Martin Bryant: Leaked psychiatric report reveals motive for Port Arthur massacre
Australia’s worst mass murderer Martin Bryant was driven to kill over his hatred of an elderly couple who refused to sell his family a bed and breakfast, leaked psychiatric reports reveal.
The admissions came from the notes of forensic psychiatrist Paul Mullen, who interviewed Bryant for more than four hours in the days after the April 1996 Port Arthur massacre.
Bryant, who killed 35 people, first shot Noelene and David Martin at their Seascape Cottage bed and breakfast, and said he had worked on the plan to kill the couple for more than 12 months.
According to The Daily Telegraph, Dr Mullen said Bryant spoke of the couple’s refusal to sell the business to his father, Maurice, after years of attempts, and blamed them for his father’s suicide and the downfall of his family.
Bryant told Dr Mullen the Martins were “very mean people” and “the worst people in my life”.
“It was set in my mind, it was just set that Sunday,” Bryant said, according the psychiatrist’s notes.
“I wasn’t worried about losing my property or never seeing my girlfriend again.
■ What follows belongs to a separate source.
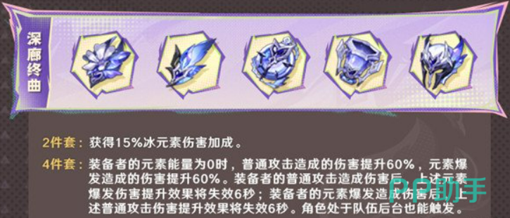 如果你的阵容中有冰系角色,特别是喜欢常驻队伍的冰系角色,那么深廊终曲这套圣遗物绝对是你的新武器。它的效果,不管是普通攻击的增幅,还是元素爆发的提升,都能让你的冰系角色在战斗中如鱼得水。两件套效果能够提供15%的冰元素伤害加成,这对任何冰系角色来说都是一个非常直观的提升。冰元素伤害的提升意味着你不仅能让敌人更快地被冻结,还能增加更多的伤害输出。

It was just in my mind to go down and kill the Martins and a lot of people.”
Dr Mullen reported Bryant chose the Port Arthur tourist site because “a lot of violence has happened there, it must be the most violent place in Australia, it seemed like the right place”.
“He went to Port Arthur with the intention of killing, and being killed,” Dr Mullen said.
“He acknowledged that he had thought about how to do it and had intended to end his life by either being shot down or by blowing himself up.”
The plan escalated to a massacre as Bryant reported feelings of intense loneliness, telling Dr Mullen he was angry at people who were unkind to him after the incident : “All I wanted was for people to like me.”
Dr Mullen said: “He talked of the extent to which he thinks about the distress and rejections in the past. He said that he tries to live day by day, but acknowledged frequent thoughts about past rejections and what he recalls as victimisation at school by bullies intrude.”
According to his interview, Bryant feared he had no future in his late 20s, had difficulty sleeping because he thought his house was haunted by two women and had become a day drinker.
Bryant — who is now 58 and reportedly has an IQ of 66 and a limited vocabulary — was given 35 consecutive life sentences, serving them in Hobart’s Risdon Prison.
The revelations mark the first concrete details of Bryant’s motives, which have been the subject of conspiracy theories following the incident.
The shooting — Australia’s worst — drove then-prime minister John Howard to pursue significant firearms reform, including a national ban on rapid-fire guns and a government buyback.